Основываясь на одном и том же постулате, исходя из одного и того же постулата, мы говорили на одном и том же языке. Антидрейфусары утверждали: Воинское предательство — это преступление, и Дрейфус совершил воинское предательство. Мы утверждали: Воинское предательство — это преступление, и Дрейфус не совершал предательства. Он не виновен в таком преступлении. Но мир изменил свой лик с тех пор, как появился Эрве. Казалось, продолжается все тот же разговор. Дело продолжается. Но было уже не то же самое дело, не тот же самый разговор. Оно перестало быть тем же самым. Оно стало другим, бесконечно иным, потому что сам язык стал другим, бесконечно иным, потому что сам предмет спора перешел в иную плоскость. Эрве — это человек, который утверждает: Предавать надо.

Именно так, надо совершать воинские предательства.

Профессиональные антидрейфусары утверждали: Нельзя быть предателем и Дрейфус предатель. Мы, профессиональные дрейфусары, утверждали: Нельзя быть предателем и Дрейфус не предатель. Эрве — тот, кто утверждает, и Жорес допускает, чтобы он утверждал, и даже Дрейфус допускает, чтобы Жорес позволял Эрве утверждать, и, в определенном смысле, по меньшей мере в определенном смысле, сам Дрейфус допускает, чтобы сам Жорес утверждал: Надо быть предателем.

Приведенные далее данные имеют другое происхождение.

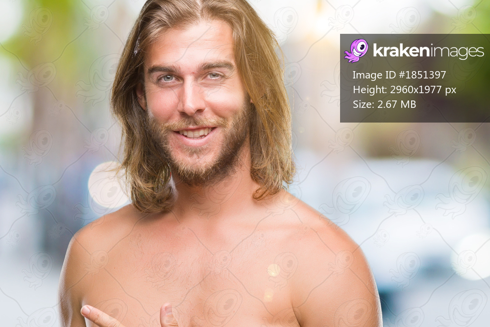 Young handsome shirtless man with long hair showing sexy body over isolated background cheerful with a smile of face pointing with hand and finger up to the side with happy and natural expression on face looking at the camera. - Kraken Images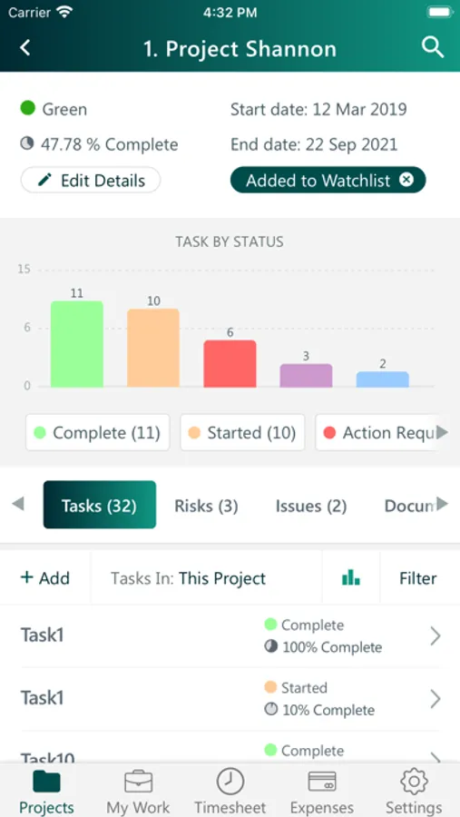 View and update key project data on the go including approvals, tasks, risks, issues and more.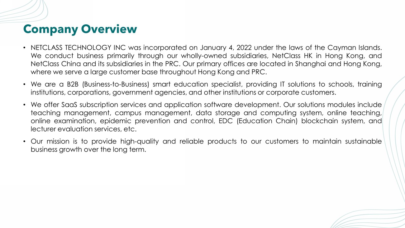 公司概况• NETCLASS TECHNOLOGY INC于2022年1月4日根据开曼群岛法律注册成立。我们主要透过我们的全资附属公司、香港的NetClass HK及中国的NetClass China及其附属公司开展业务。我们的主要办事处位于上海和香港,为遍布香港和中国的广大客户群提供服务。•我们是B2B(企业对企业)智慧教育专家,为学校、培训机构、企业、政府机构等机构或企业客户提供IT解决方案。•我们提供SaaS订阅服务和应用软件开发。我们的解决方案模块包括教学管理、校园管理、数据存储和计算系统、在线教学、在线考试、疫情防控、EDC(教育链)区块链系统、讲师评价服务等。•我们的使命是为我们的客户提供高质量和可靠的产品,以保持长期的可持续业务增长。

Именно так, надо быть воинским предателем.

В результате подобного постепенного вовлечения, такого постепенного скольжения к соучастию, в результате переиначивания, передергивания, извращения Жорес стал соучастником преступления Эрве; из–за этого перевоплощения, из–за такого переноса ответственности; и участвовал в нем самым гнусным из всех возможных способов, отнюдь не соучаствуя активно, в чем есть и свой риск, и свое подвижничество, свое собственное величие, а соучаствуя косвенно, гнусно, втихую и тихо, в чем было молчаливое, тайное сообщничество, соучастие из попустительства. Самое гнусное из всех возможных. И Дрейфус, вместо того чтобы стать символом времени, присоединился, позволил себе присоединиться к преступлению Жореса.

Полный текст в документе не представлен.